This is the final post of “The Life of Charlie”, the experiment where I put one of my sealed papier mache pumpkins outside to withstand the elements and see how it goes.
The good news is that Charlie survived without a trace of damage due to moisture, this information should give you a little confidence when displaying your hard work outside.
Charlie is still outside, but now he has a little bit of company as he joins 22 other pumpkins for a pre-Halloween display on our front porch.
He’s happy to have some company and even happier that a good coat of Spar Urethane kept him safe and sound.
Thanks Charlie and have a great Halloween!
Finally painted five pumpkins that were created for a Great Lakes FrightFest demonstration last spring, these pumpkins were painted with an airbrush, sealed, then washed with black paint.
The final coat of black paint was wiped from the surface with a damp cloth leaving only traces of the paint in recessed areas.
The coat of sealant protected the paint applied by the airbrush.
The resulting pumpkins are a little brighter but still have a lot of visible texture due to the addition of the black paint.
Finally getting some projects completed for our Halloween Display 2010, these three large pumpkins stand almost three feet tall and are a mash up of several different projects.
The tutorial will be available after Halloween, for now I need to keep checking projects off the list.
So what do 13 tortured pumpkins waiting for their final paint look like?
The pumpkins have been base coated with flat black latex paint then dry brushed with flat white latex.
The next step involves colorizing with some various color of oil stains…this is sort of experimental, something I’ve never done before.
If you are really a keen reader you notice that there are actually 14 pumpkins in the picture, the 14th pumpkin was made as a guinea pig, an experimental pumpkin on which I can play around with the color.
Congratulations go out to Scott Alan Dimmick, the winner of the “Build Me A Pumpkin” contest on the STOLLOWEEN Facebook page.

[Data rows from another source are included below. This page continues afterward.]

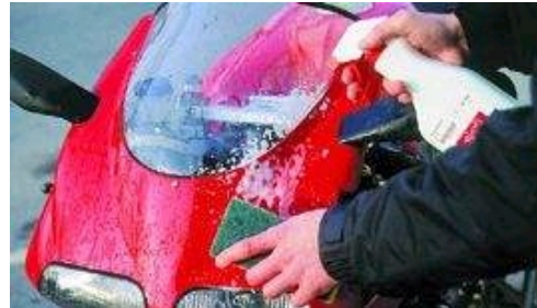
Insekter har det med at gro fast på motorcyklens front. De døde dyr kan opløses med flydende insekt rens og fjernes med en blød svamp.

Tilbage er blot at give kæden en frisk gang kædespray og at fedte bremseeskiverne af med en klud, som er fugtet med husholdningssprit.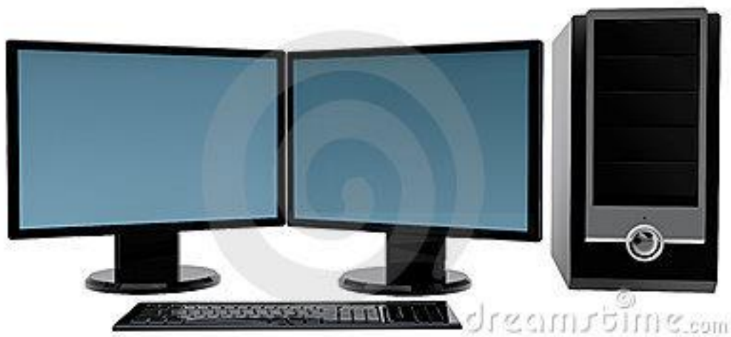
รูปที่ 3.4 PC

3.8.1.1 PC /AMD FX 6100 6Core /Ram 8GB /HDD 2 TB /VGA AMD RADEON HD7700 x2 /LG IPS235 x2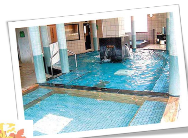
最後は温泉、城の湯。 久しぶり～!

Scott’s name was randomly drawn from over 90 entries scoring him a custom built pumpkin of his liking. Scott’s concept was a “ground breaking, undead pumpkin, pushing itself out of the ground with its rotting vine arms.
Work has begun on the undead pumpkin including the first layers of strip mache and some concept sketches rendered in Photoshop to help guide me in the building process.

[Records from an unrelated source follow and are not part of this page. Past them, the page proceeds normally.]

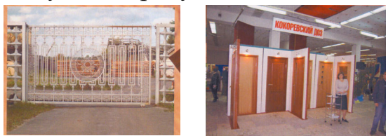
Фото: Кокоревский ДОЗ. Наши дни.

поселка 100 рабочих мест. К 2004 г. руководство Кокоревского ДОЗ, изучая конъюнктуру рынка, приходит к выводу, что заниматься только обработкой древесины нерентабельно, рациональнее изготавливать пользующуюся повышенным спросом продукцию. И к 2006 г. рождается новое предприятие ООО «Русские двери». На площадях фирмы расположились деревозаготовительный цех, цех первичной распиловки, сушильное хозяйство, деревообрабатывающий, производственный и лакокрасочный цеха. Теперь на предприятии используется оборудование германских фирм WEINIG, FRIZ, PAUL и др., что позволяет выпускать продукт с высокими качественными характеристиками.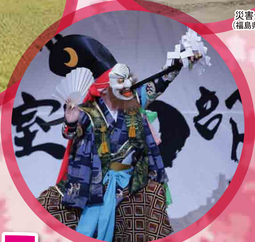
大室南部神楽 (宮城県)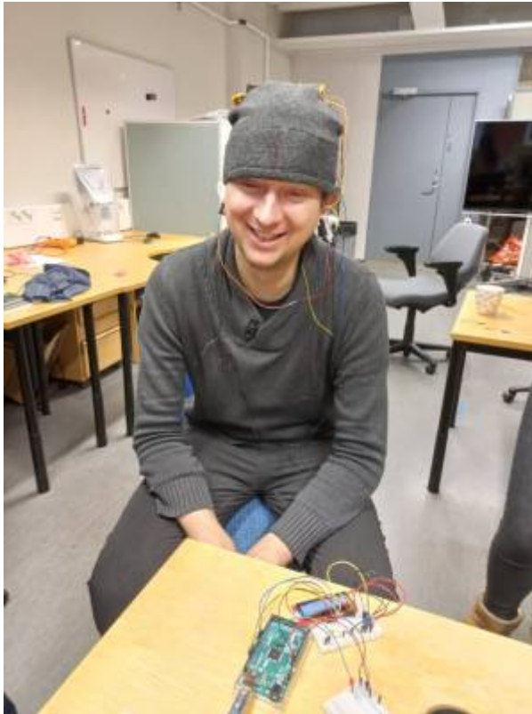
Fig. 1: Verwendung von in Kleidung eingebauten Elektroden an einem Probanden

The illustrations are for reference only as during the construction more elaborate details will be added specifically the gnarly vines on the arms.
Building a prop for another Halloween enthusiast is sort of cool and you can check out Scott’s love for the holiday on his website called The Never Moor.
These three pumpkins were started a couple of weeks ago and are the result of mixing three of my different projects into one…the trash bag pumpkins, the new cardboard strip pumpkins and the screaming ½ skulls.
The progress so far is promising…these guys will eventually have eyeballs and get painted with an airbrush.
This year’s construction of our annual Halloween display called “The Papier Mache Nightmare” is behind schedule (as always it seems) due to a very busy last couple of months.
To everyone that has sent me questions via email please know that I am working on getting them answered and those of you that took time to send me nice comments please know that they were greatly appreciated.
Currently I’m hoping to finish all of my prop building by this weekend and the display is scheduled to be up on Friday, October 30th and Saturday, October 31st.
In the works are two large five foot Dungeon Rats named “Riff” and “Raff”, eight new pumpkins featuring some new techniques, cemetery columns and fence plus my modified Sentinels.
Things are progressing, look for photos of this year’s display and new tutorials sometime in November, until then please have a safe and fantastic Halloween 2009!